Set down all of the data that follows word for word, without the images.

Top of DATASET EXTRACT

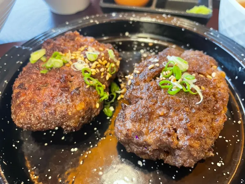 육즙 가득한 함박스테이크, 윤기가 자르르 흐르는 모습이 식욕을 자극합니다.
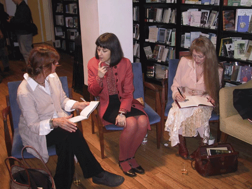 (Left to right) Deborah Digges, former Academy of American Poets Executive Director Tree Swenson, and Lucie Brock-Broido sitting together before a reading.
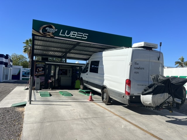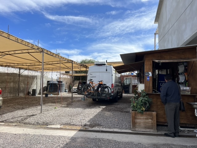 We took care of some daily life matters while in La Paz. We had an oil change on the van, got it washed, got a windshield wiper, had a camp chair repaired and bought bike tires and tubes. All of it was a chance for me to practice Spanish. Twice, I got nervous and said adios instead of hola. The time I said it to a soldier at a checkpoint, he wasn’t amused. I found that by trying to use Spanish and leading with a smile and respect, all of these transactions were a breeze. I don’t have a pic of the man who sold me the wiper. Here’s how it went. I bought what I thought was the right part, only to learn I made a mistake. I went back into the shop, and they did not have the right one. In the US, that would have ended with me leaving empty handed. Not in La Paz. The man in the shop offered to dismantle the old wiper and the new, and to transfer the rubber blade to the old wiper. He had both apart down the the smallest clips and back together in about twenty minutes. He came out to the van to make sure it would work. He could not accept a tip, but we went in and called his boss to make sure his kindness and hard work were noted.
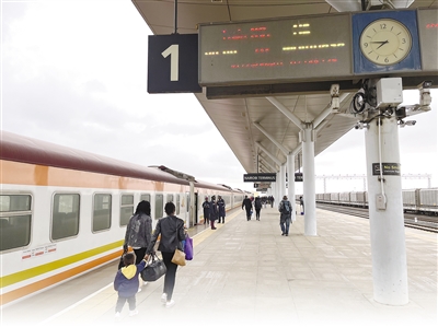 由中國(guó)路橋工程有限責(zé)任公司承建的蒙內(nèi)鐵路是肯尼亞獨(dú)立以來(lái)建設(shè)的首條鐵路,也是一條采用中國(guó)標(biāo)準(zhǔn)、中國(guó)技術(shù)、中國(guó)裝備建造的現(xiàn)代化鐵路,被譽(yù)為中國(guó)和肯尼亞共建“一帶一路”標(biāo)志性工程。圖為蒙內(nèi)鐵路列車(chē)??吭趦?nèi)羅畢站。

Bottom of DATASET EXTRACT

TASK OUTPUT:
 육즙 가득한 함박스테이크, 윤기가 자르르 흐르는 모습이 식욕을 자극합니다.
 (Left to right) Deborah Digges, former Academy of American Poets Executive Director Tree Swenson, and Lucie Brock-Broido sitting together before a reading.
 We took care of some daily life matters while in La Paz. We had an oil change on the van, got it washed, got a windshield wiper, had a camp chair repaired and bought bike tires and tubes. All of it was a chance for me to practice Spanish. Twice, I got nervous and said adios instead of hola. The time I said it to a soldier at a checkpoint, he wasn’t amused. I found that by trying to use Spanish and leading with a smile and respect, all of these transactions were a breeze. I don’t have a pic of the man who sold me the wiper. Here’s how it went. I bought what I thought was the right part, only to learn I made a mistake. I went back into the shop, and they did not have the right one. In the US, that would have ended with me leaving empty handed. Not in La Paz. The man in the shop offered to dismantle the old wiper and the new, and to transfer the rubber blade to the old wiper. He had both apart down the the smallest clips and back together in about twenty minutes. He came out to the van to make sure it would work. He could not accept a tip, but we went in and called his boss to make sure his kindness and hard work were noted.
 由中國(guó)路橋工程有限責(zé)任公司承建的蒙內(nèi)鐵路是肯尼亞獨(dú)立以來(lái)建設(shè)的首條鐵路,也是一條采用中國(guó)標(biāo)準(zhǔn)、中國(guó)技術(shù)、中國(guó)裝備建造的現(xiàn)代化鐵路,被譽(yù)為中國(guó)和肯尼亞共建“一帶一路”標(biāo)志性工程。圖為蒙內(nèi)鐵路列車(chē)??吭趦?nèi)羅畢站。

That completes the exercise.